Quote from: Angelo on January 06, 2021, 11:52:39 AM
Quote from: trueblue1234 on January 06, 2021, 11:46:37 AM
Quote from: Angelo on January 06, 2021, 11:44:41 AM
Quote from: trueblue1234 on January 06, 2021, 11:40:27 AM
Quote from: Angelo on January 06, 2021, 11:31:56 AM
Quote from: trueblue1234 on January 06, 2021, 11:26:09 AM
Quote from: Angelo on January 06, 2021, 11:15:30 AM
Quote from: trueblue1234 on January 06, 2021, 11:12:09 AM
Quote from: Angelo on January 06, 2021, 11:08:39 AM
Quote from: trueblue1234 on January 06, 2021, 11:03:55 AM
Quote from: Angelo on January 06, 2021, 10:56:07 AM
It's time for Franko to stop running away and answer the question.

How many more failed lockdowns do you want to bring? How many more suicides, job losses, domestic violence incidents do you want to take place before trying something else?

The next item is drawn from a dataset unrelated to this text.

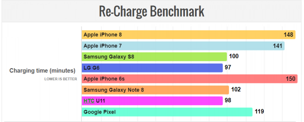 Theo như kết quả được đưa ra, thì iPhone 8 phải mất thời gian khá lâu để có thể nạp đầy pin: 148ph (gần 2h30ph).
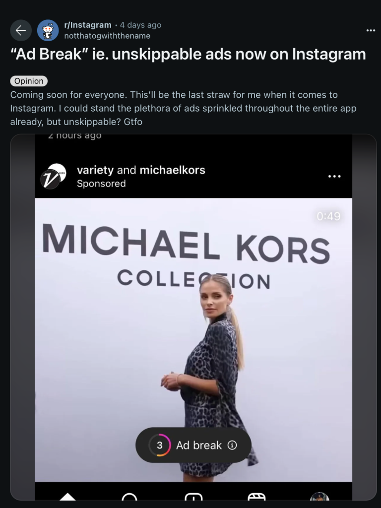 Holy moly! Meta seemingly is now forcing us to watch ads in our feeds on Instagram!

Not to talk for Franko, But just because you say failed lockdowns, doesn't actually make them failed lockdowns. They did exactly what it said on the tin. Reduce covid deaths and reduce pressure on the NHS.

They are failures. They have not worked. They have caused absolute carnage to people's mental health, relationships, support services to vulnerable groupings, the economy, people's livelihoods.

We'll get data somewhere down the line on suicides this year, if they have seen a notable rise in 2020 and you going to have the nerve to come on here and tell us lockdowns worked? They have been utter failures, if they worked we would not have had Lockdown 2.0 and now Lockdown 3.0.

Lockdowns are essentially governments washing their hands of responsibility, it's there way of citing compliance of the people as the failures of health services and proper planning to live with the virus.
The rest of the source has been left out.